A 10 percent force reduction also will slash SG&A costs of about $20 million in 2007. Planned cuts in other SG&A expenses are expected to generate an additional $10 million in savings.

Collectively, the moves will get Vonage very close to positive operating income, though not profitability.

Wednesday, April 11, 2007

Carriers Innovate Because They Have To


I wasn't the only one at the Voice Peering Forum recently who was struck by the sudden lead some European telcos have taken in their transformation efforts. BT actually is growing customer counts and revenue in its tough mass markets segment, for example. To be sure, some of the progress is born of necessity. As Carlos Dasilva, France Telecom Americas region marketing director notes, "we had to move aggressively because the regulators are killing our business." And though she didn't specifically make the same point, BT has had to strike out on some very innovative paths precisely because it was forced to do so. But a significant turn in the direction of flexibility (an internal requirement, perhaps) and openness (more important for third party application providers) is going to pay dividends for end users, who "aren’t waiting" for regulators to set rules and service providers to start giving them what they want, Anna Boukovskaia, BT head of market development, said.

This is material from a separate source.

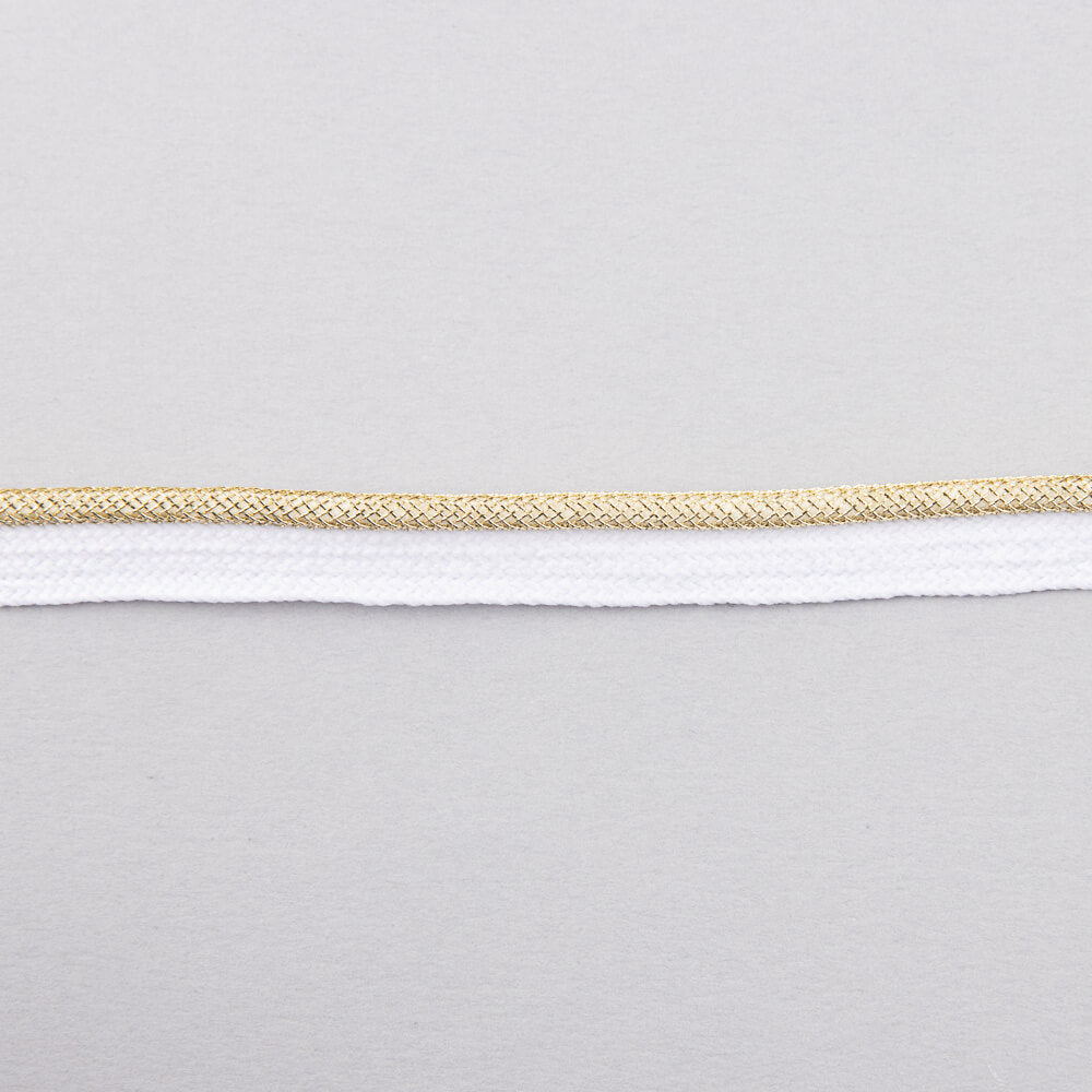 Fita trendy para dar um efeito vivo brilhante em tom ouro. Fita de 10 milímetros de largura com uma superfície para costura interna e outra para dar o efeito do vivo. Compre os medidores que você precisa a partir de 1 metro. Preço por metro.

Which isn't to say regulatory action is inconsequential. Quite to the contrary, regulatory ground rules always always always create the preconditions for all revenue generating activities in the public and private network spaces. Deutsche Telekom and Telstra, for example, find regulatory demands so onerous they simply have refused to build new optical networks, because they aren't sure they will earn a return on the investments. Credit aggressive wholesale requirements for the concern.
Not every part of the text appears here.